Nine Lives Left

http://commons.wikimedia.org/wiki/File:Hans_Thoma_Die_Katze_Abendfrieden.jpg

I don’t know what to make of this — on Sept. 7, 1950, the London Times reported that a 10-month-old kitten had climbed the Matterhorn.

The story, “from our correspondent,” claims that the black-and-white kitten lived in the Hotel Belvedere at 10,820 feet, where he would watch departing alpinists as they left for the summit. One morning, apparently, he decided to follow them. “After a long and lonely climb” he reached the Solway hut at 12,556 feet, and the next day “bivouacked in a couloir above the shoulder.” A climbing party passed him on the third day, and he caught them up at the summit (14,780 feet), “miauing and tail up,” and was rewarded with a share of their meal. He was carried back down in a rucksack.
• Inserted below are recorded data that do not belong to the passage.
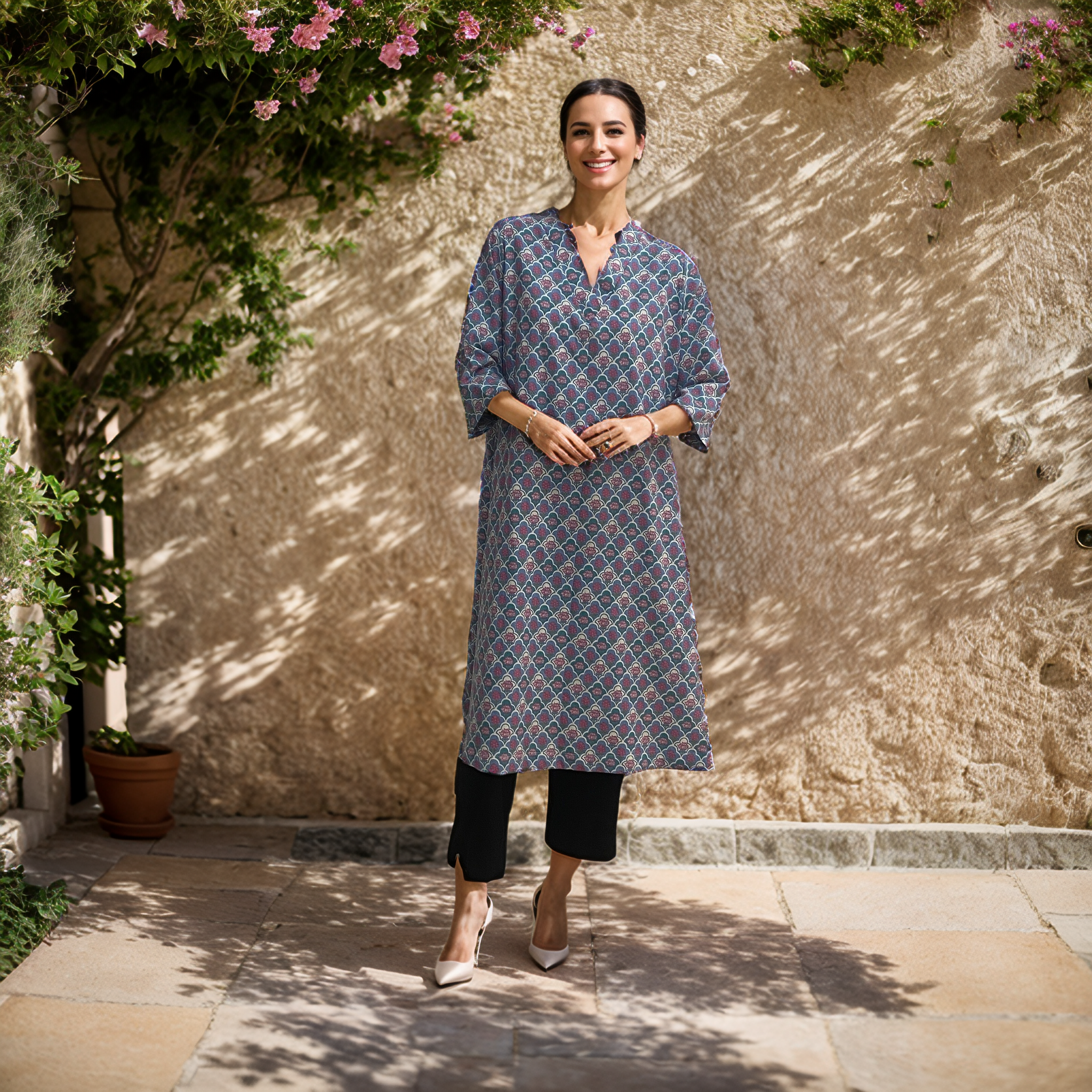 Elevate your style with our Grey Lotus Printed Overlap V neck Cotton Kurta! Crafted with soft, breathable cotton, this kurta features a unique overlapped v-neck design and a stunning lotus print. Perfect for adding a touch of elegance and comfort to your wardrobe. Embrace the beauty of tradition with our Grey Lotus Kurta!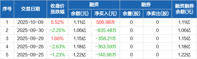 广东建科:融资净买入506.98万元,融资余额1.11亿元(10-09)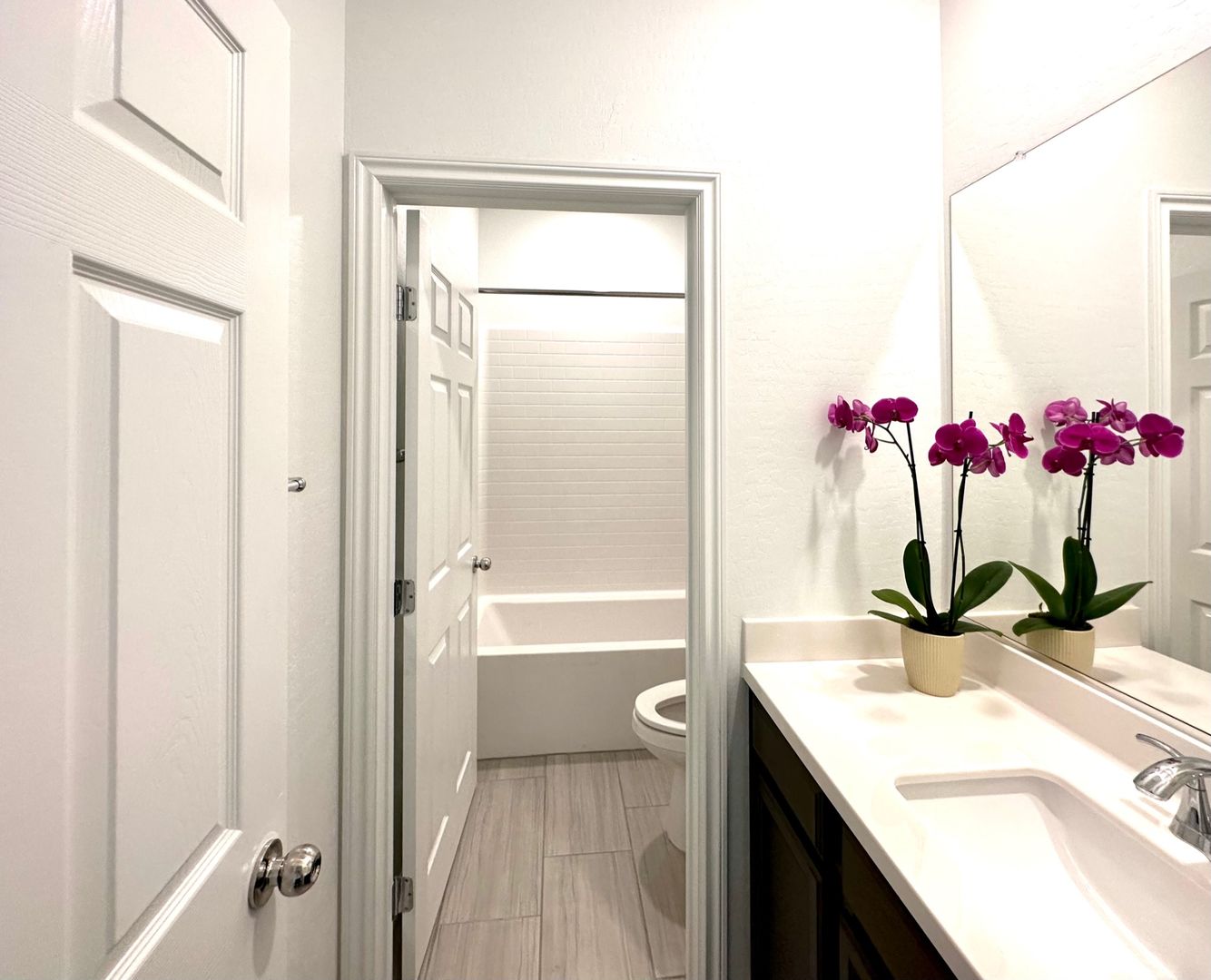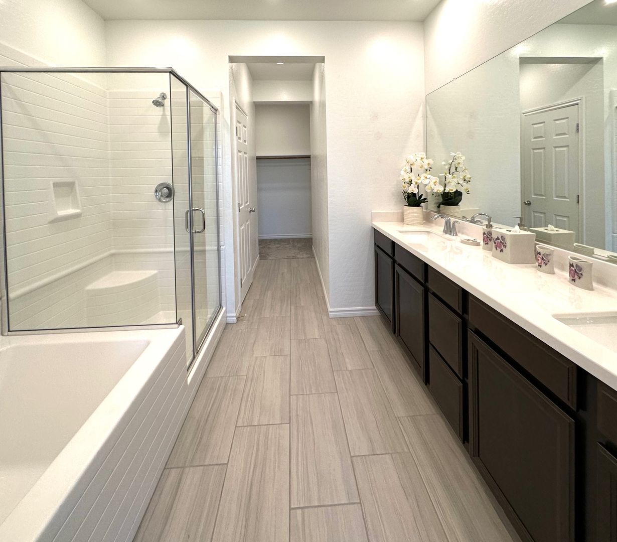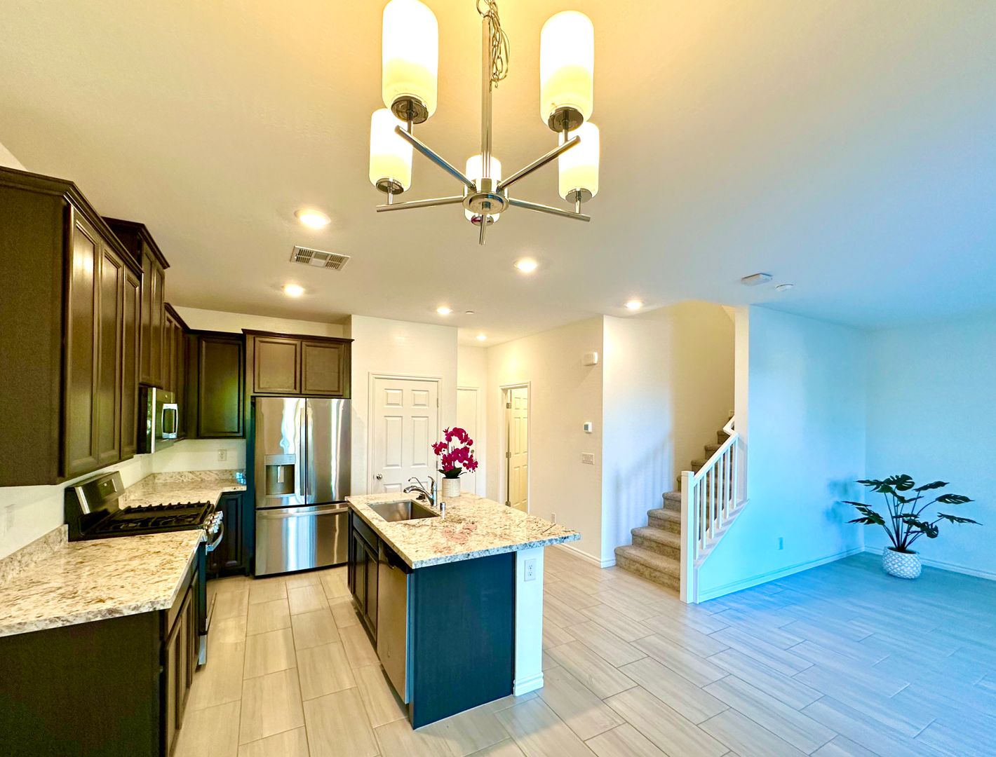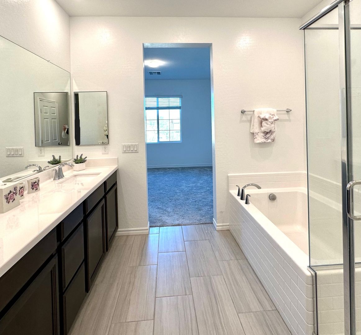 Welcome to this stunning 3-bedroom, 2.5-bathroom, 2-story home located off Las Vegas Blvd. This upgraded property is nestled within a gated community that boasts a refreshing community pool. The home features a spacious 2-car garage and a covered patio, perfect for enjoying the Nevada weather. Inside, you'll find a well-appointed kitchen complete with a pantry, an island, stainless steel appliances, and sleek quartz countertops. The downstairs area is adorned with durable tile flooring, while the second floor is carpeted for comfort. The primary bedroom is a true retreat, featuring a walk-in closet and an en-suite bathroom with a garden tub and separate shower. Experience the perfect blend of luxury and convenience in this Las Vegas gem. Contact us today for a showing!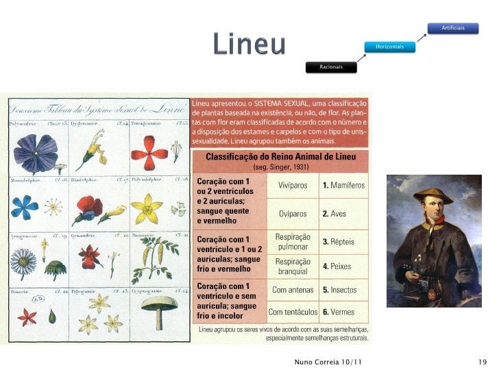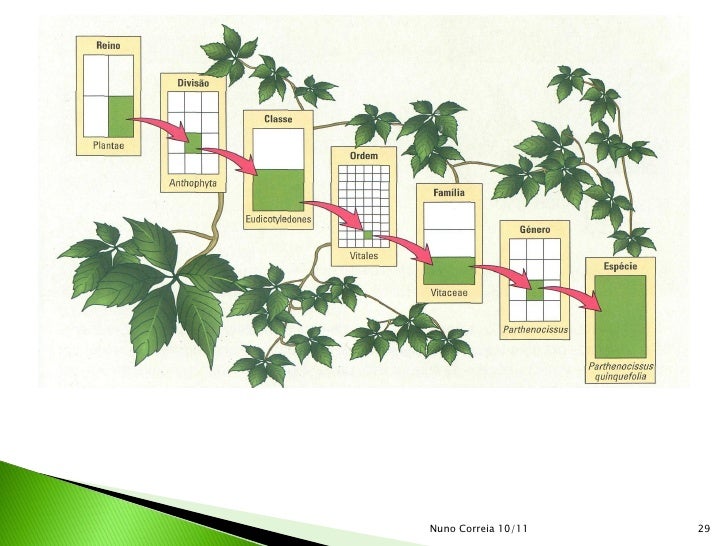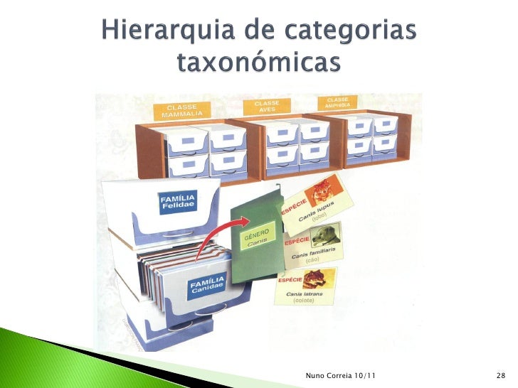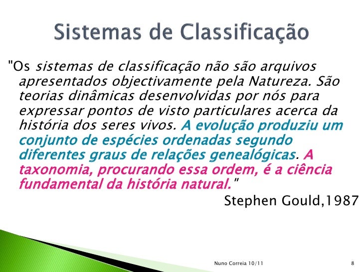 8. 8. "Os sistemas de classificação não são arquivos apresentados objectivamente pela Natureza. São teorias dinâmicas desenvolvidas por nós para expressar pontos de visto particulares acerca da história dos seres vivos. A evolução produziu um conjunto de espécies ordenadas segundo diferentes graus de relações genealógicas. A taxonomia, procurando essa ordem, é a ciência fundamental da história natural." Stephen Gould,1987 Nuno Correia 10/11 8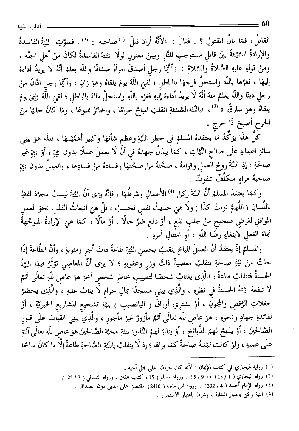 كلُّ هذَا يؤكِّدُ مَا يعتقدهُ المسلمُ في خطرِ النِّيةِ وعظمِ شأنهَا وكبيرِ أهميَّتهَا، فلذَا هوَ يبني سائرَ أعمالهِ علَى صالحِ النِّيّاتِ، كمَاَ يبذلُ جهدهُ فيِ أنْ لَا يعملَ عملًا بدونِ نيَّةٍ، أوْ نيَّة غيرِ صالحةٍ، إذِ النِّيَّةُ روحُ العملِ وقوامهُ، صحَّتهُ منْ صحَّتهَا وفسادهُ منْ فسادِها، والعملُ بدونِ نيَّة صاحبهُ مراءٍ متكلف ممقوتٌ.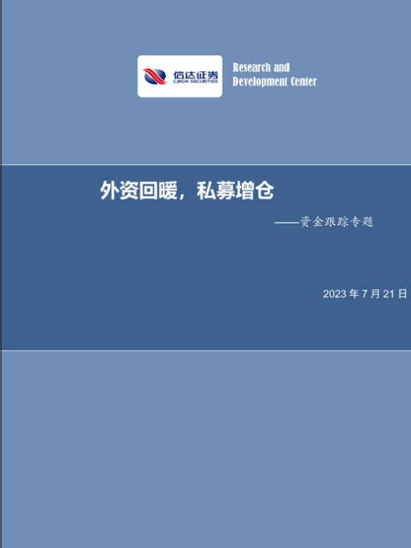 【信达证券】【20230721】资金跟踪专题:外资回暖,私募增仓-17页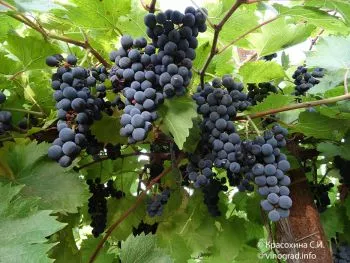 Грони від дрібного до середнього розміру, ягоди невеликі, округлі, темно-сині. Цукронакопичення сорту високе, в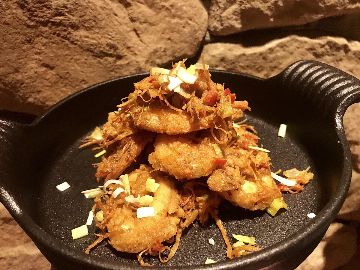 特別挑選75~80克的大小墨魚,因墨魚口感與料理呈現是最完美的的!運用先煎再炒的手法,將海鮮細細裹上滿滿的鹹蛋黃,入口感受蛋黃的金沙鹹香感,大口咬下還能感受到白蝦的鮮甜以及墨魚的Q彈口感。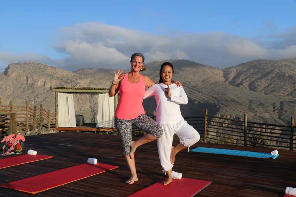 3 november: GOEDEMORGEN Alila Jebel Akdar. Zoals gezegd, fitness en Sunrise Yoga om de dag te beginnen. Weer lekker op tijd het nestje uit dus om ook deze weer actief te starten! Gezond zijn en gezond blijven………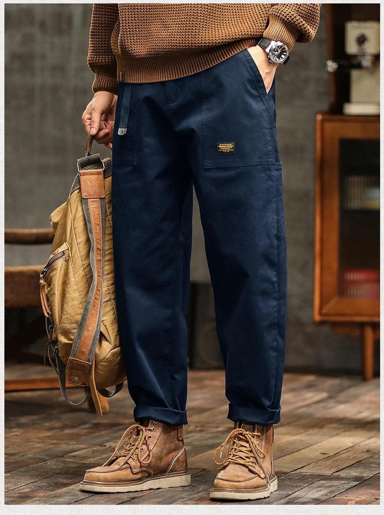 Hiqor calças masculinas de perfil solto, calças vintage americanas para homens, cintura alta, verde militar, calças casuais masculinas, calças cargo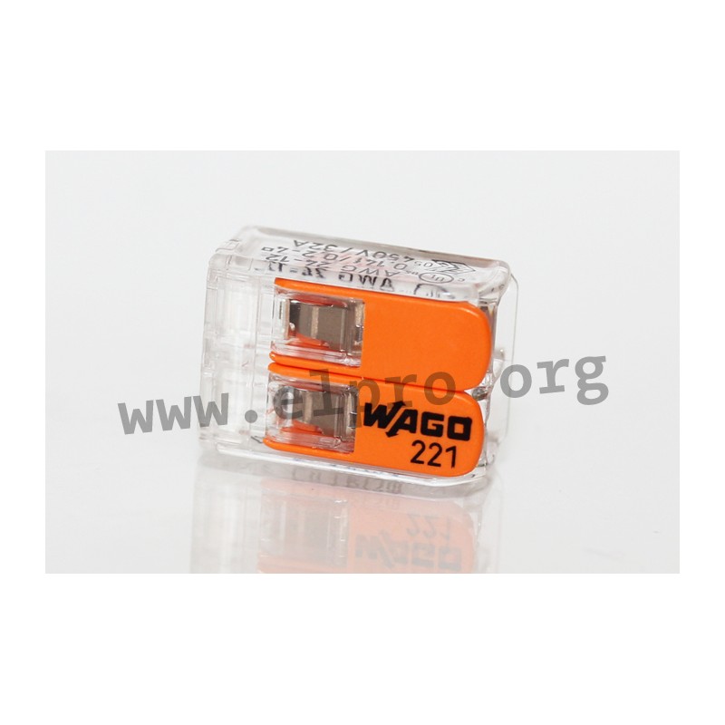 2-, 3- und 5-Leiter-Klemme für alle Leiterarten mit CAGE CLAMP® Anschlusstechnik und Push-in Betätigungshebeln. Sie haben eine seitliche Verdrahtung und sind geeignet für einen Leiterquerschnitt von 0,2 bis 6mm2 (ein-/mehrdrähtig) bzw. 0,14 bis 6mm2 (feindrähtig). Außerdem sind passende Befestigungsadapter mit (221-250_/221-251_) und ohne Zugentlastung (221-252_/221-253_) erhältlich. Wir bieten diverse Ausführungen dieser Wago Serie an.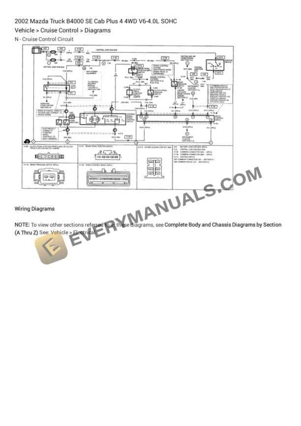 Mazda Truck B4000 SE Cab Plus 4 4WD 2002 Electrical Diagrams V6-4.0L SOHC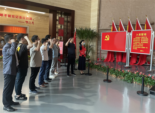 最后来到中国共产党长沙历史陈列大楼。进入大厅,“长岛人歌动地诗——中国共产党长沙历史陈列”映入眼帘。党员们激动的在此重温入党誓词,然后在讲解员的带领下依次参观学习了包括“建党先声 苍茫大地主沉浮”“浴血奋斗 峥嵘岁月铸丰碑”“接管建政 全面建设开新局”“改革开放 高歌猛进奔小康”“逐梦前行 阔步奋进新时代”“群星璀璨 名人荟萃展风采”等六个部分。在浴血奋战篇章中,党员们学习到1927年马日事变,共青团湖南省委书记田波扬及夫人陈昌甫同时牺牲,陈昌甫同志身怀六甲,在监狱中受尽非人的折磨,仍坚强不屈,牺牲时还有2个年幼的孩子,这种为了心中的信仰,为了民族的解放,舍小家为大家的牺牲精神,无不感动在场的党员们。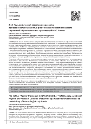 Khazhirokov V.A. Organization and improvement of physical training skills of students studying in universities of the Ministry of Internal Affairs of Russia // Education. The science. Scientific personnel. 2019. No. 1. pp. 203-205. EDN: VXELFO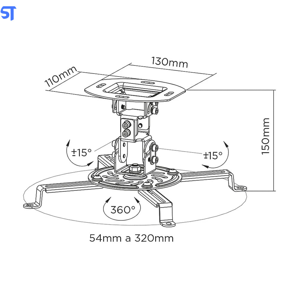 Abrangência de fixação: O afastamento entre os pontos roscados presentes no projetor deve estar entre os limites de 54 até 320 mm (diâmetro) para que possam ser alcançados pelas hastes do suporte.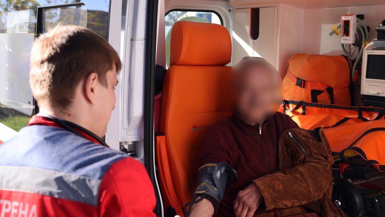 Медик міряє тиск власнику будинку, який попередньо отруївся продуктами горіння внаслідок пожежі у Миколаєві, 29 жовтня. ГУ ДСНС у Миколаївській області Зранку 29 жовтня у Центральному районі Миколаєва зайнявся приватний будинок. Власник оселі попередньо отруївся продуктами горіння.

This is all reported very earnestly, and there’s even a photograph of the cat, but I can’t find a corroborating account anywhere. Both The Canadian Nurse and The Veterinary Record picked up the story, but they both credit the Times. The Guinness Book of World Records cited the cat for its feat, but presumably they’re relying on the same account.

Is this preposterous? Do I overestimate the Matterhorn? Do I underestimate kittens? Can anyone shed any light on this?

If You Build It …

http://msrmaps.com/map.aspx?t=1&s=11&lat=41.4580200&lon=-109.4904136&w=700&h=700

Green River, Wyo., is certainly neighborly: In 1994, when NASA determined that up to six meteors might strike Jupiter, Green River’s city council designated an airstrip south of town as the Greater Green River Intergalactic Spaceport. They asked NASA to broadcast the news to any fleeing Jovians and warned residents to “prepare themselves to make welcome any refugees who might cast themselves upon our mercy.”

Mayor George Eckman told the Rock Springs Rocket-Miner, “I feel it is a gesture that could be made and should be made by someone on the planet Earth to fellow citizens of the solar system.”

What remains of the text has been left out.